Stored data section start

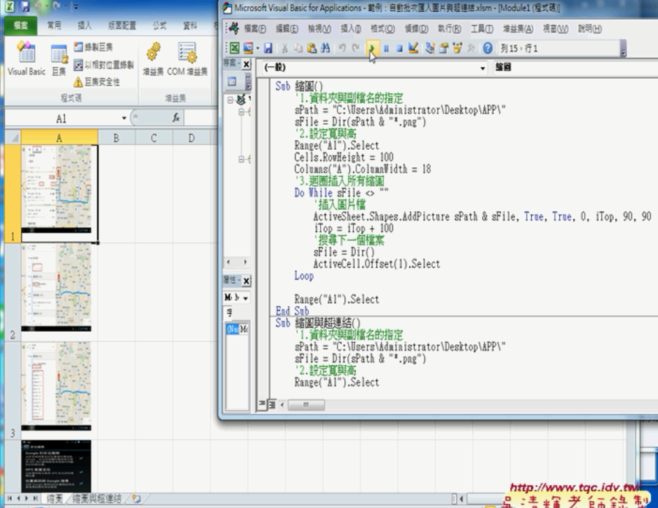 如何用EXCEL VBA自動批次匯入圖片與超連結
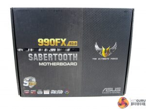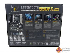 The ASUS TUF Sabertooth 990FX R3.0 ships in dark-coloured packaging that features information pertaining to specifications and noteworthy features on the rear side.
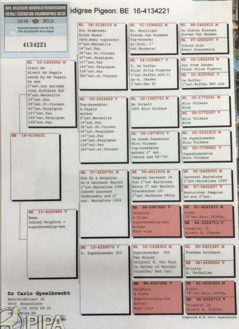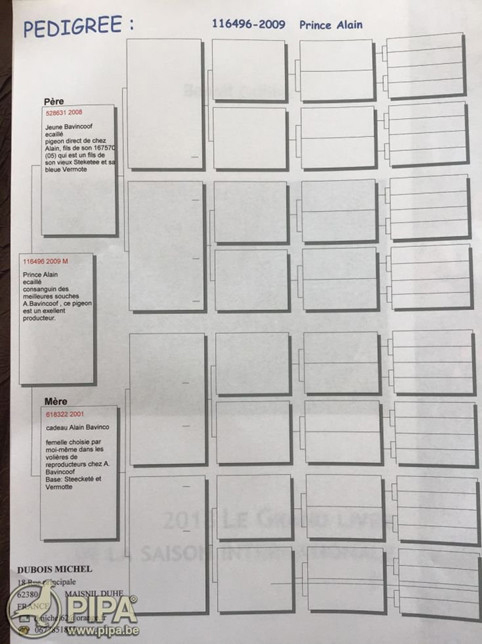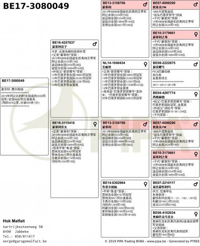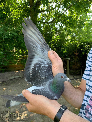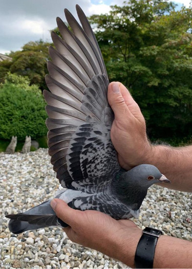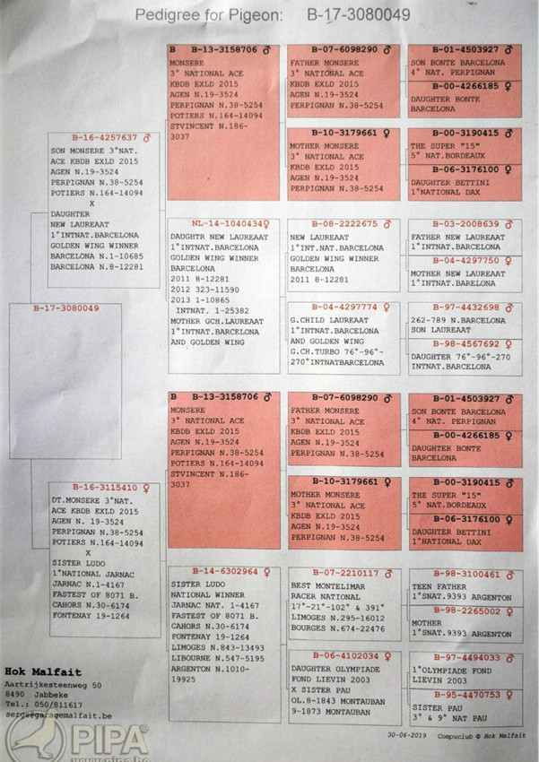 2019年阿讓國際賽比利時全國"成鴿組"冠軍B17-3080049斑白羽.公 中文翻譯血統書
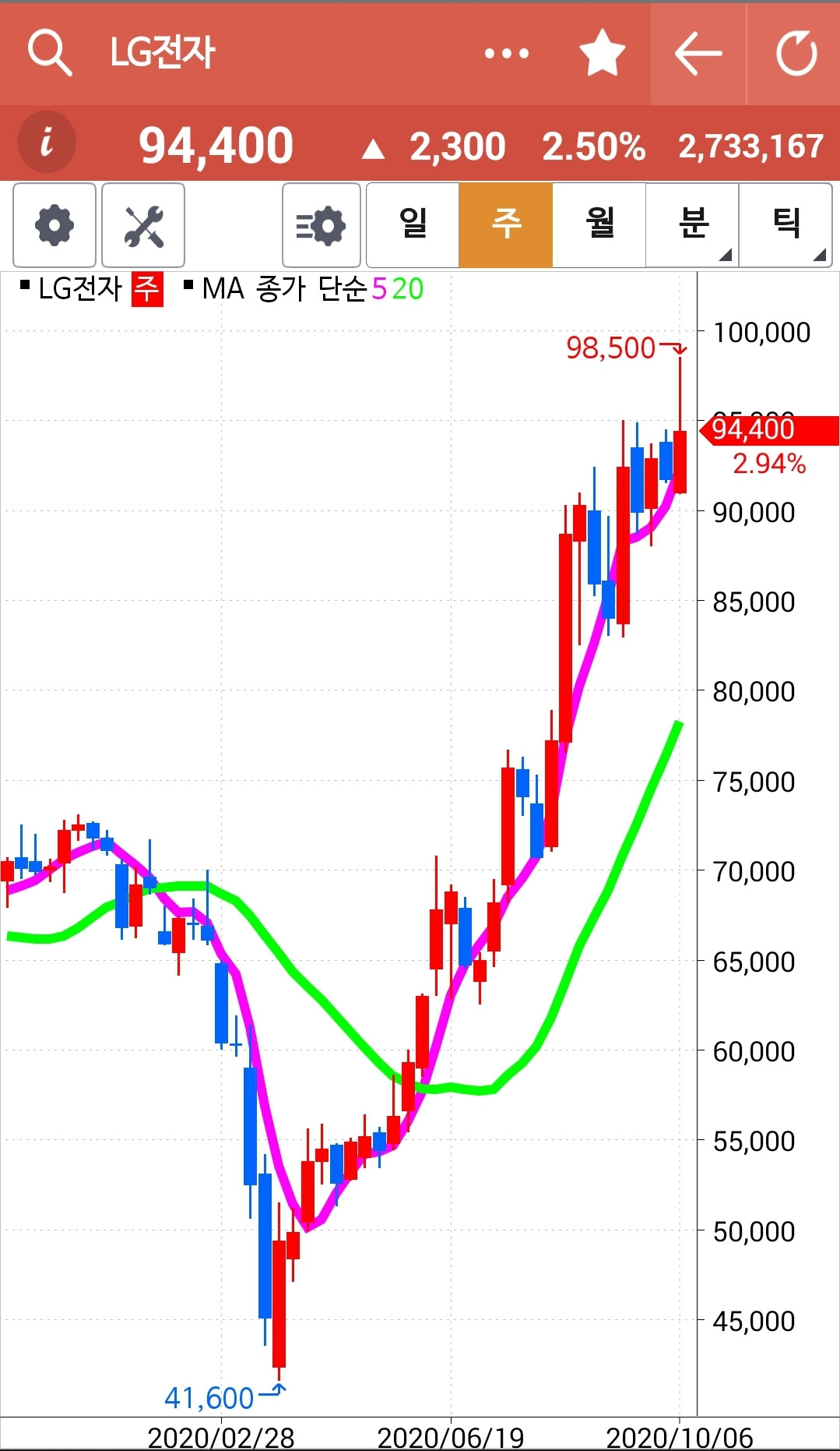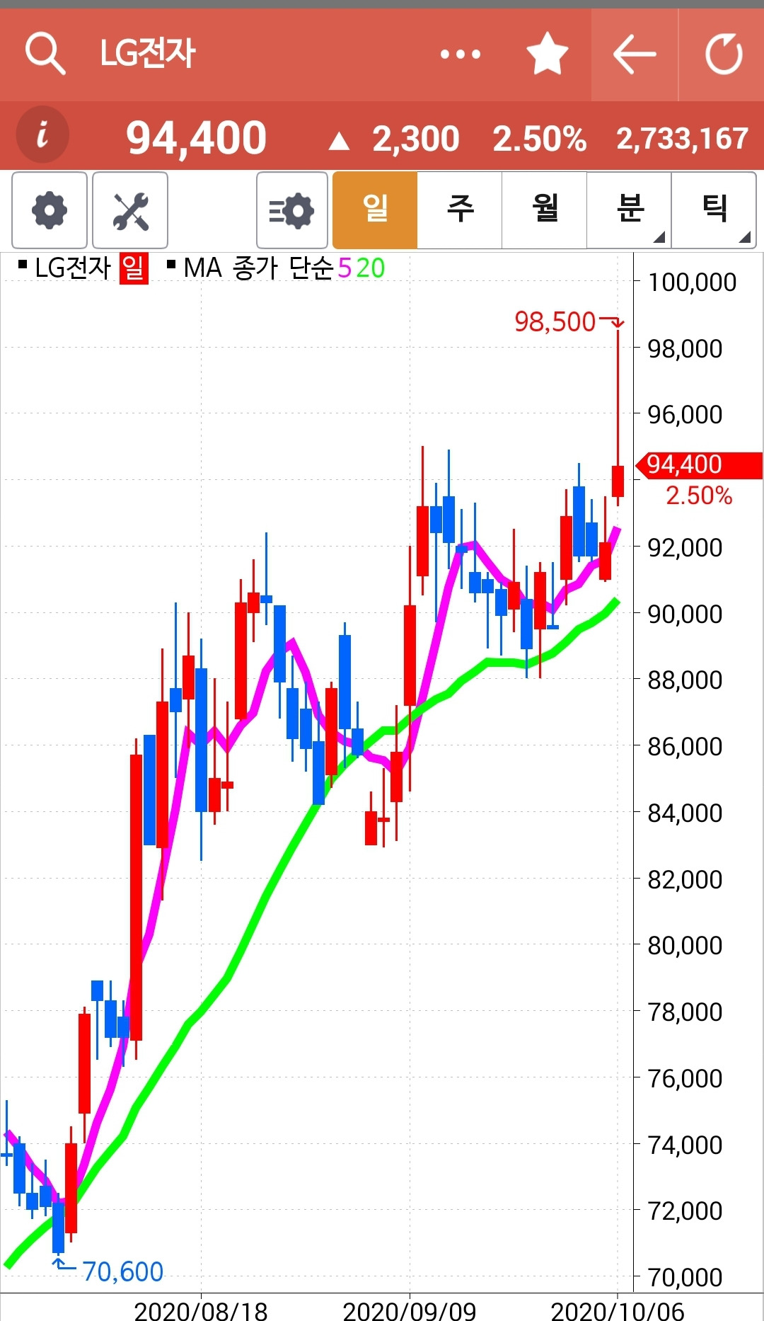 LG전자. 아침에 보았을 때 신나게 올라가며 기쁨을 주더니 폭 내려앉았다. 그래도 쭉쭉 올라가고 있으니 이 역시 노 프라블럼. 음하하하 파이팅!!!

Stored data section end

# [Work order]
Repeat the lines from the line containing "The ASUS TUF" through the end of the material above exactly, with no pictures and nothing else.

# [Response below]
 The ASUS TUF Sabertooth 990FX R3.0 ships in dark-coloured packaging that features information pertaining to specifications and noteworthy features on the rear side.
 2019年阿讓國際賽比利時全國"成鴿組"冠軍B17-3080049斑白羽.公 中文翻譯血統書
 LG전자. 아침에 보았을 때 신나게 올라가며 기쁨을 주더니 폭 내려앉았다. 그래도 쭉쭉 올라가고 있으니 이 역시 노 프라블럼. 음하하하 파이팅!!!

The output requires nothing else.